The choice of Belém as the host city for the 30th Conference of the Parties (COP30), the most important climate summit on the planet, should be a source of national pride. But what many people in the North perceived was the opposite reaction from much of the press in Brazil’s Southeast and South regions, as well as from international outlets influenced by a view steeped in historical prejudices that still persist about—and within—the Amazon and its peoples.

After the announcement, formalized in January 2023 by the Ministry of Foreign Affairs, that Belém would host COP30 in Brazil, newsrooms in the Rio–São Paulo axis almost instantly multiplied reports that, instead of investigating the improvements and changes the capital of Pará would undergo, began to question whether the city “had the infrastructure” to host an event of such scale.

The Amazon is constantly treated as something exotic, with its issues reduced to a lack of hotel rooms, pothole-ridden streets, and the price of snacks. The most recent case, during the Climate Summit, an event preceding COP30, was a R$45 coxinha that became a top news priority. Our region is very useful when the topic is forest, yet inconvenient when it claims political and economic protagonism.

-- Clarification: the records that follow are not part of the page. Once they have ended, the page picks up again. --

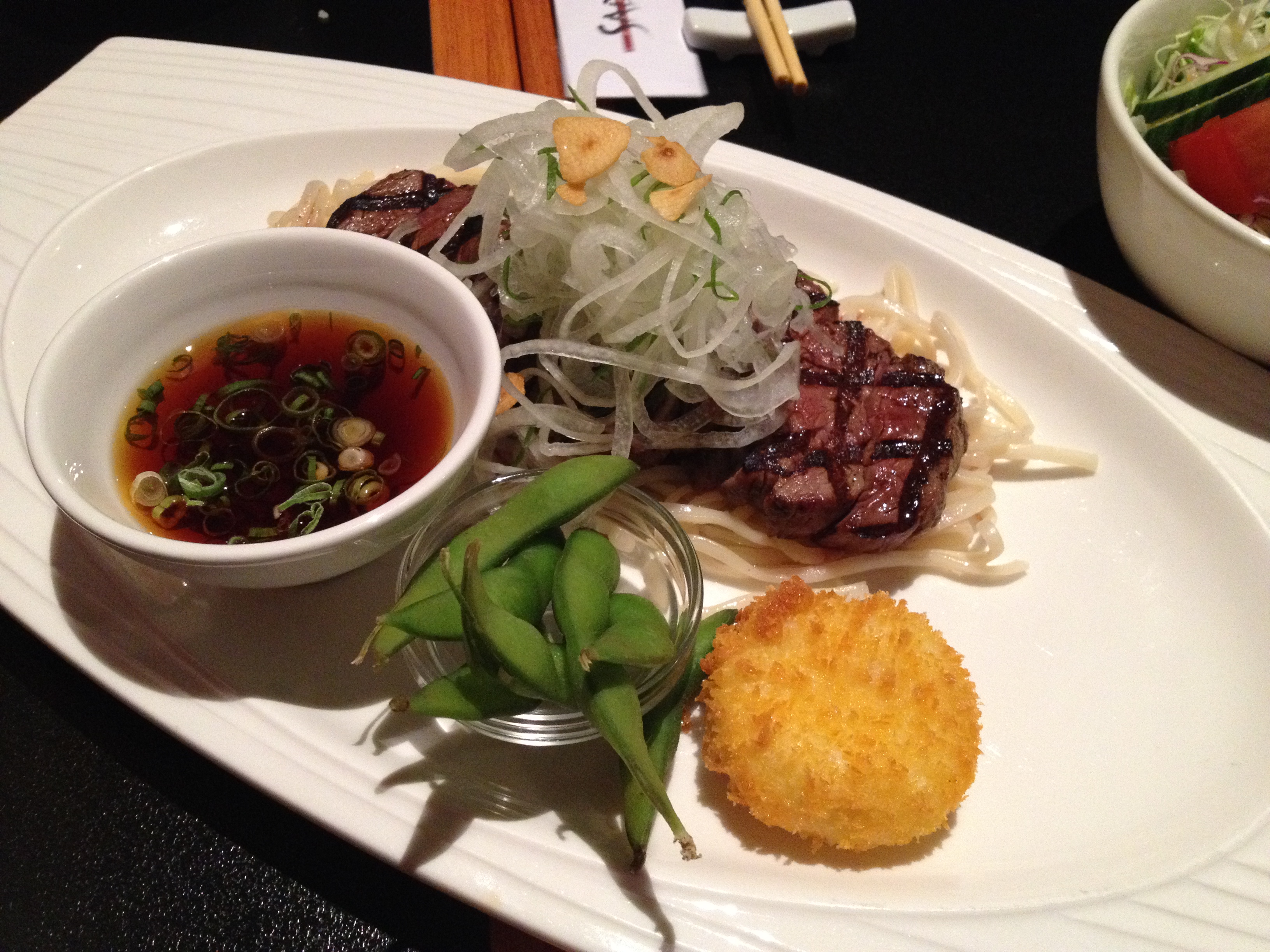 Our mains arrived. We had the sushi ($36) and sashimi ($37) mains and the Sumiyaki Beef main with rice and salad ($36) to share. The sashimi arrived with an assortment tuna, salmon, yellow tail and octopus and the sushi comprised of tuna, yellow tail, salmon, prawn, egg, tuna roll and california roll. Both the sushi and sashimi were very fresh and were executed perfectly. The Sumiyaki Beef main is a char grilled beef tenderloin served with lime flavoured soy-sauce. The Sumiyaki Beef was cooked perfectly and was very tasty. The lime flavoured soy-sauce complemented the Sumiyaki beef well giving a tangy hint to the beef.
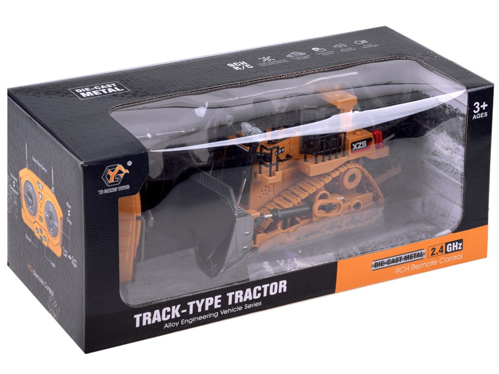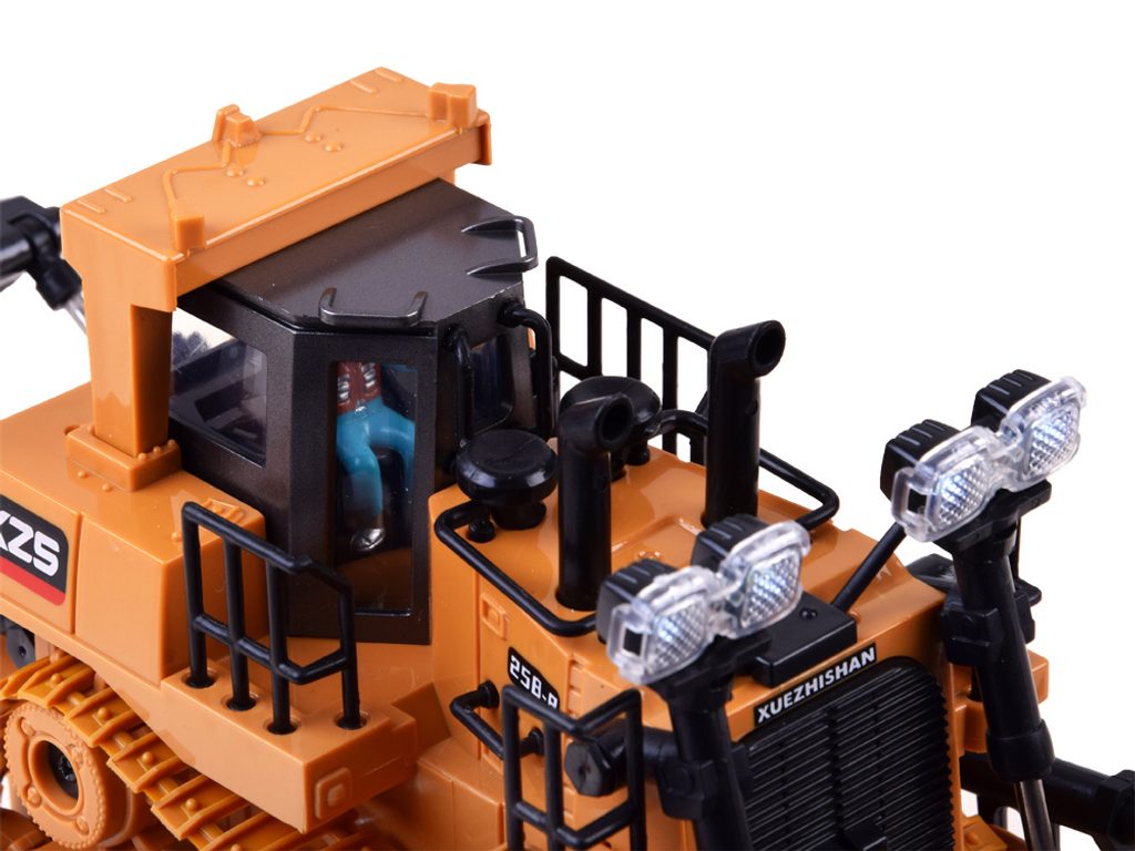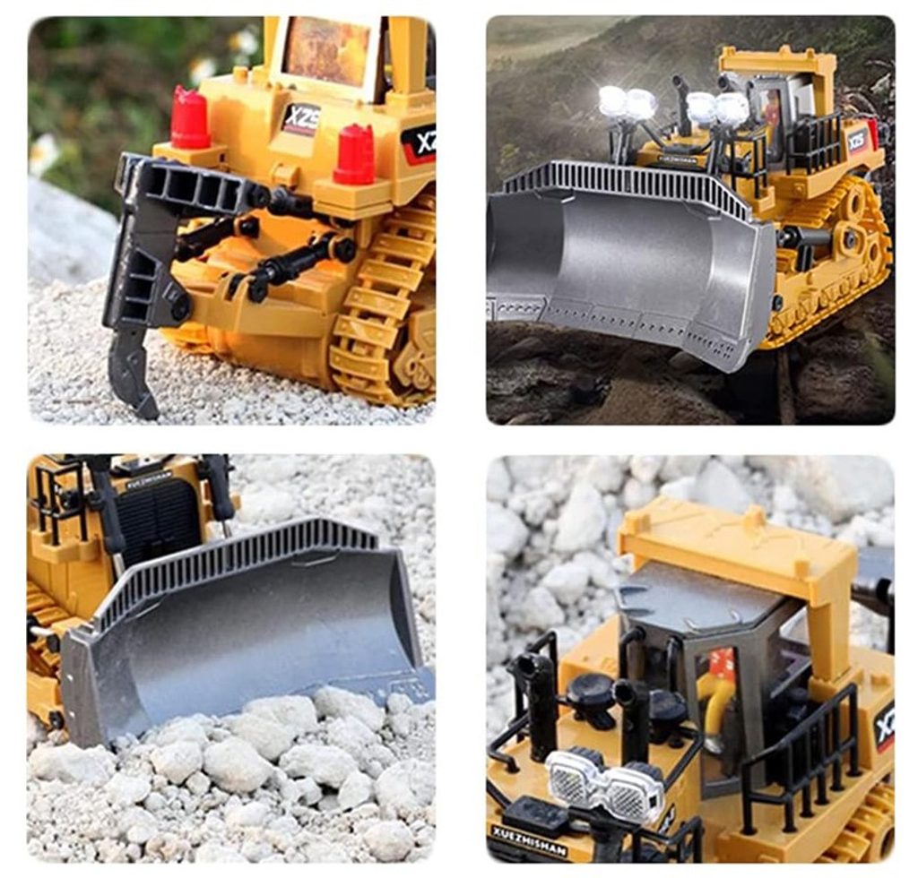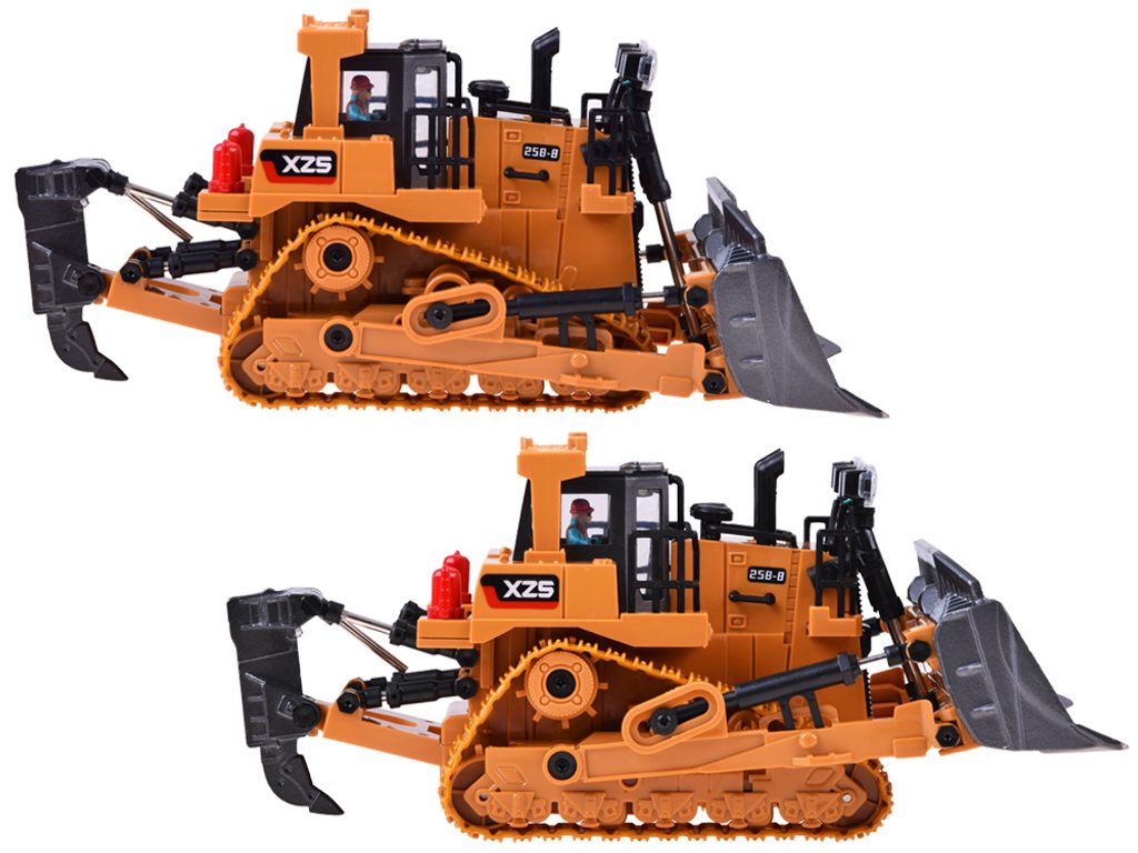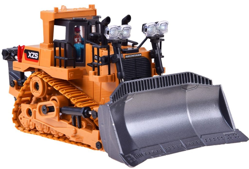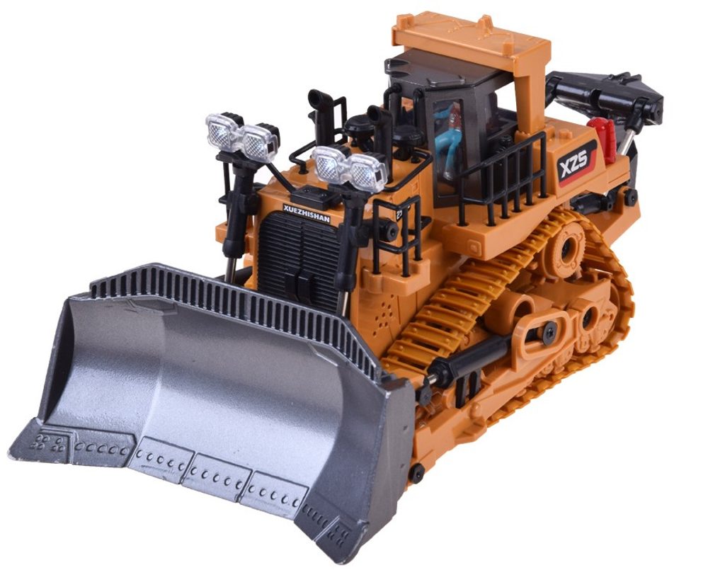 Buldozer XZS Machine s dálkovým ovládáním 2,4GHz je vybavený gumovými pásy, umožnuje jízdu dopředu a dozadu, zatáčí doprava a doleva. Kovovou přední radlici lze zvedata spouštět. Ve výbavě je také přední osvětlení a zvukové efekty. Ovládání je velmi jednoduché pomocí ovladače se 2 páčkami a tlačítky. Dálkové ovládání je napájeno bateriemi, které nejsou součástí balení. Buldozer je vyrobený z plastu a má certifikaci CE.
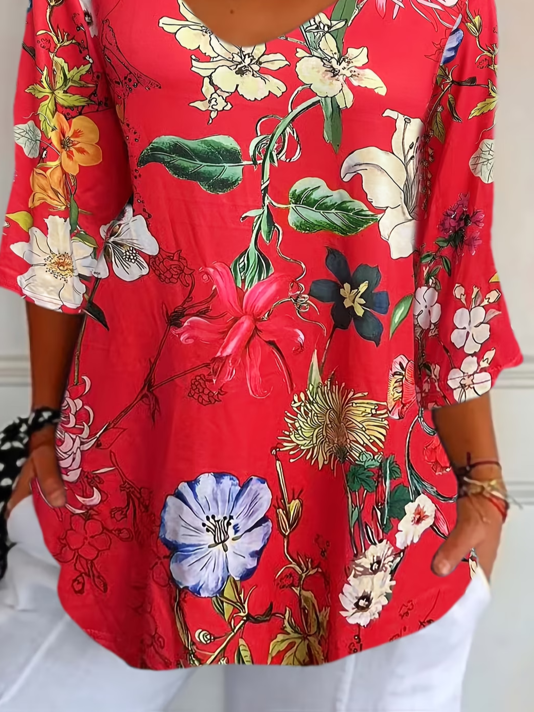 Women's Three Quarter Sleeve T-shirt Spring/Fall Red Floral Printing V Neck Daily Going Out Casual Top

The media narrative that formed around Belém and COP30 reveals a profound misdirection of focus, which professor Alda Costa, journalist and PhD in Social Sciences, situates at the heart of geopolitics and communication. In an interview, the expert points to the persistence of structural doubt and skepticism that emerge when an event of global magnitude moves to what is still internally perceived as a peripheral territory:

“The way the city of Belém has been treated by the media (mainly the southeastern and, to some extent, international press) is indeed marked by an underlying disbelief or, at the very least, a structural skepticism,” the professor states.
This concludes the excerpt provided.